Ray Tadio trained at the Alvin Ailey School in New York and danced with the Ailey 2, Joyce Trisler Dance Company, and David Rousseve. He choreographed for the Ailey 2 Company, Requisite Dance SF, Pori Dance Co. of Finland, & National Ballet Academy of The Netherlands. He specializes in the Horton technique and was awarded the Le Huit d’Or in France in 1995 for excellence in jazz and contemporary dance. He is an Assistant Professor at San Francisco State University.

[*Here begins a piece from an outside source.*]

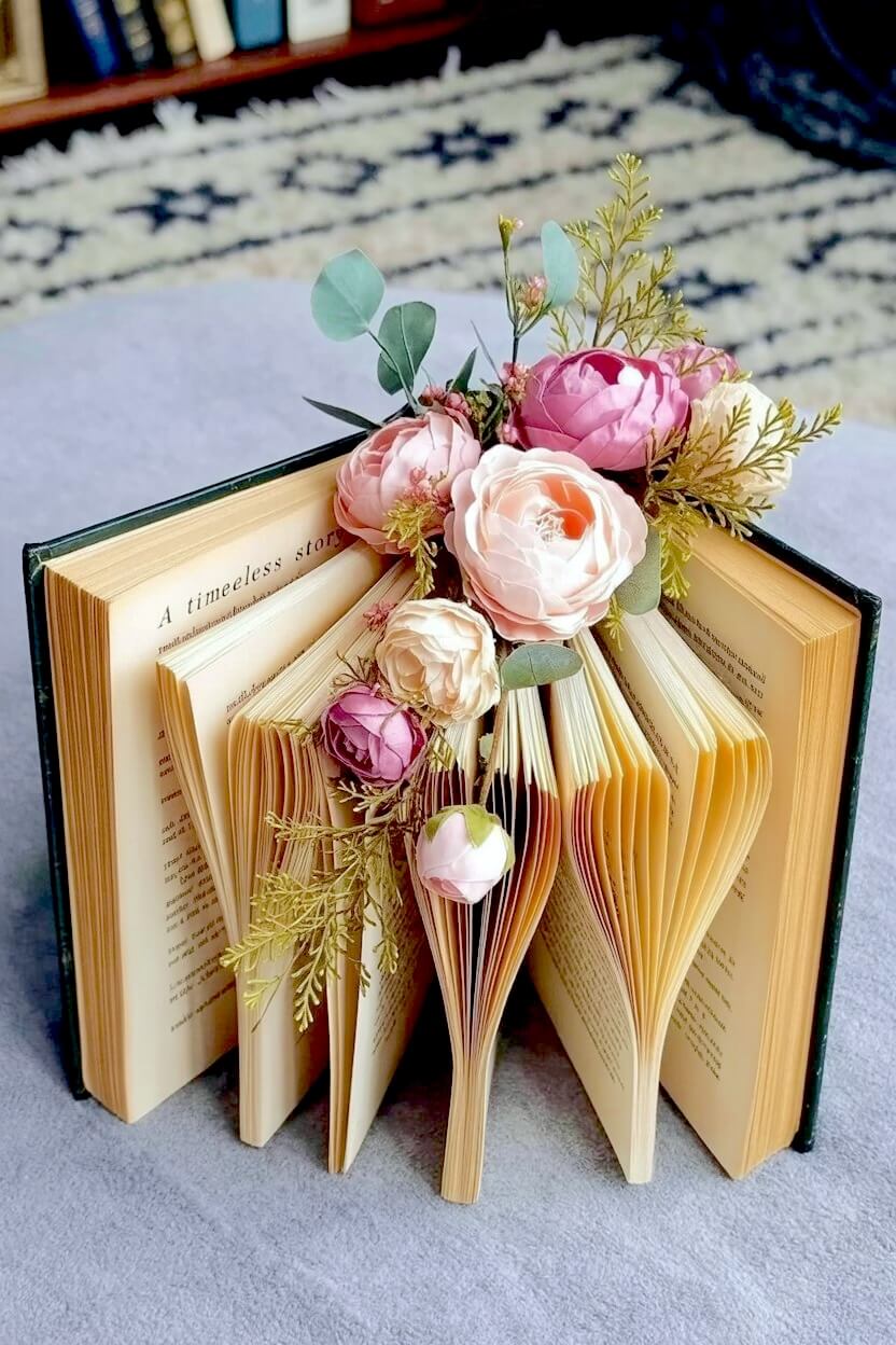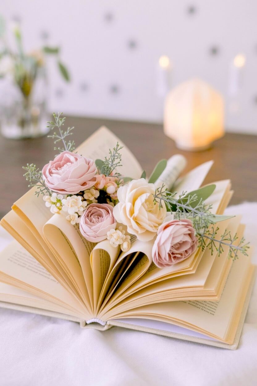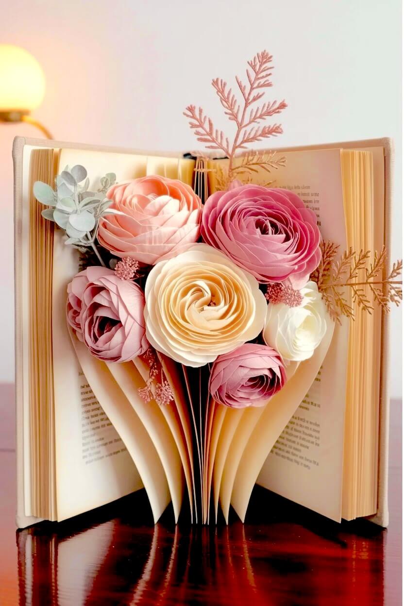 You can stand an open book upright and arrange oversized pink and peach paper roses to mimic a vibrant bouquet.

Yaelisa is the artistic director and choreographer for the renowned Caminos Flamencos Dance Company, one of the most celebrated flamenco companies in North America. A second generation artist, Yaelisa was surrounded from birth by the rhythms, gestures and culture of this art form in its purest form, where her unique improvisational abilities began to fluorish.  She spent many years living and working in Spain and has performed with many of its finest artists including Alejandro Granados, Antonio “El Pipa,” Manuel and Antonio Malena, Domingo Ortega, Enrique “El Extremeno,” Yeye de Cádiz, Mateo Soleá, El Junco, Juan Ogalla, Geronimo, Felipe Maya and others. Her choreographic abilities were recognized in Spain when she became a finalist in the Certåmen de Coreografía in Madrid, and since her return to theU.S., she has established herself as an award-winning figure in the flamenco world.  Yaelisa has performed, choreographed and directed in the mediums of film, video, theater, and has crossed over as a guest artist or collaborator in several modern dance companies.  She is the recipient of an Emmy Award for Choreography, NEA Fellowships, an Isadora Duncan Dance Award, and other recognitions.  Considered a master teacher of all aspects of the flamenco art, she has trained and developed dancers for her company and some who have become professionals in Spain or elsewhere.  Yaelisa is also the co-founder and artistic director of the international New World Flamenco Festival in Irvine, California, where she curates and creates original and conceptual programs for the Irvine Barclay Theater.  Yaelisa’s vision and curatorial skills provide the groundwork which makes the NWFF unique from most flamenco festivals as an artistic project.

Hentyle Yapp is a choreographer and was a professional dancer for contemporary companies in Taipei and New York.   He is currently a PhD student in Performance Studies at UC Berkeley and holds a B.A. from Brown University, in French Literature & Premedical Studies, and a J.D. from UCLA School of Law, specializing in Critical Race Theory & Public Interest Law.